To model the trajectory of the basketball shot with a parabolic equation, we need to determine the quadratic equation that passes through the given points and aligns with the given initial angle. A quadratic equation is generally of the form:

$y = ax^2 + bx + c$

Given dataTo model the trajectory of the basketball shot with a parabolic equation, we need to determine the quadratic equation that passes through the given points and aligns with the given initial angle. A quadratic equation is generally of the form:

$y = ax^2 + bx + c$

Given

• Two points: $(0, 1.63)$ (initial point of release) and $(4.572, 3.05)$ (point at the rim).
• The release angle is $52.2^\circ$.

Step-by-Step Process:

Step 1: Equation Setup

The quadratic equation for the parabola is $y = ax^2 + bx + c$. Since the shot starts at point $(0, 1.63)$, we can use this to immediately determine $c$.

1. At $x = 0$, $y = 1.63$. Therefore, $c = 1.63$.

So, the equation becomes:

$y = ax^2 + bx + 1.63$

Step 2: Use the Second Point $(4.572, 3.05)$

Now, substitute $x = 4.572$ and $y = 3.05$ into the equation to find a relation between $a$ and $b$.

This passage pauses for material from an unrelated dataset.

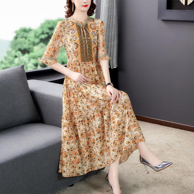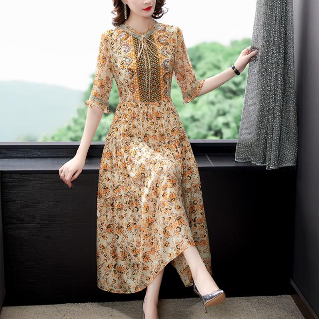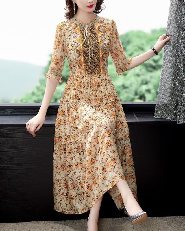 サマーワンピ フローラル ワンピース ロング ミモレ丈 半袖 袖あり 小花柄 花柄 ハイウエスト 切り替え ラウンドネック フロントリボン リボン結び フリル Aライン ドレープ 華やか 主役級 大人 上品 エレガント おしゃれ お洒落 通勤 お出かけ デート 旅行 休日 普段使い 30代 40代 50代 夏 レディース 大きいサイズ M L XL 2XL 3XL イエロー 黄色

$3.05 = a(4.572)^2 + b(4.572) + 1.63$

Simplifying:

$3.05 = a(20.912) + 4.572b + 1.63$

1.42 = 20.912a + 4.572b \tag{Equation 1}

Step 3: Use the Initial Angle of 52.2°

The derivative $\frac{dy}{dx} = 2ax + b$ gives the slope of the tangent to the parabola at any point. The slope of the tangent line at the release point $x = 0$ corresponds to the initial angle of $52.2^\circ$.

The slope $m$ at the release point is $\tan(52.2^\circ)$.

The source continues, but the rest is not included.